Keystroke dynamics is the process to identify or authenticate individuals based on the typing rhythm behaviors. There are many classifications proposed to check the user's legitimacy, and therefore we should make it clear how they perform in order to confirm promising research direction. Nevertheless, these researches provide experiments in different situations such as datasets, conditions and methodologies as well.

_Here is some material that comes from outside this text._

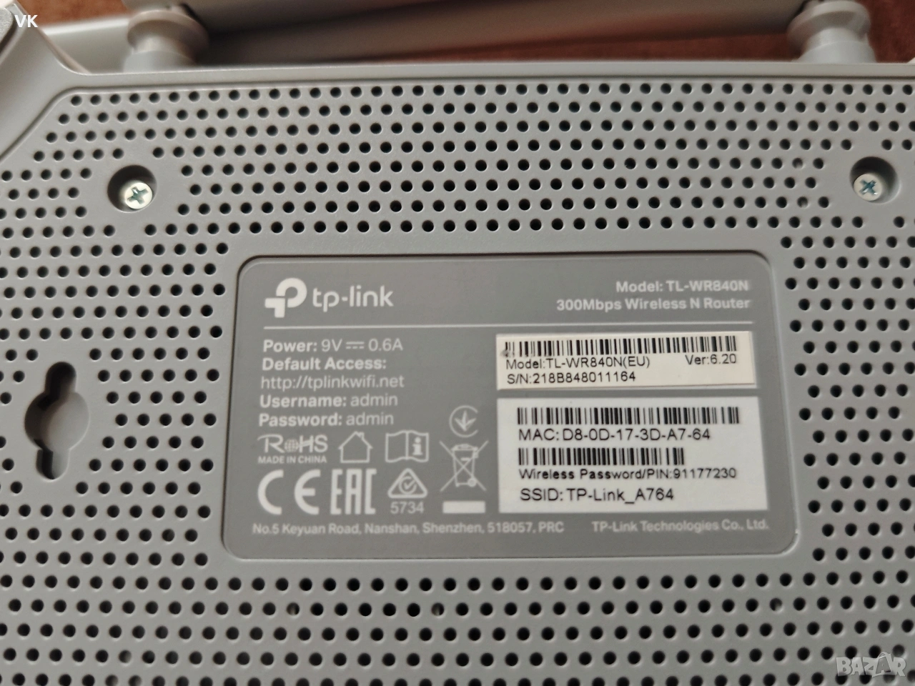 Безжичен рутер TP-LINK TL-WR840N, 2.4 GHz, 300Mbps, 10/100 → Обява 53123195

This paper aims to benchmark the algorithms in the same dataset and feature in order to measure the performance on an equal level. Using dataset containing 51 subjects' typing rhythm, we implemented and evaluated 13 classifiers measured by F1-measure. We also develop a way to process the typing data, and test it on these algorithms. Considering the case that the model should reject outlander, we test the algorithms on open set. The top-performing classifier achieves F1-measure rates 0.92 when using 50 subjects' typing normalized data to train and the remaining one to test. The results, along with the normalization methodology, constitute a benchmark for comparing classifiers and measuring performance of keystroke dynamics for insider detection.
基于击键输入的内部检测异常检测算法的性能评价
击键动力学是基于输入节奏行为来识别或验证个体的过程。有许多分类建议来检查用户的合法性,因此我们应该弄清楚他们是如何执行的,以确定有前途的研究方向。然而,这些研究也提供了不同情况下的实验,如数据集、条件和方法。本文的目的是在相同的数据集和特征上对算法进行基准测试,以便在相同的水平上衡量性能。使用包含51名受试者打字节奏的数据集,我们实现并评估了F1-measure测量的13个分类器。我们还开发了一种处理打字数据的方法,并在这些算法上进行了测试。考虑到模型需要排斥外地人的情况,我们在开放集上对算法进行了测试。当使用50个受试者的打字归一化数据进行训练,剩下的一个进行测试时,表现最好的分类器达到了f1测量率0.92。结果与规范化方法一起构成了比较分类器和测量内部检测的击键动力学性能的基准。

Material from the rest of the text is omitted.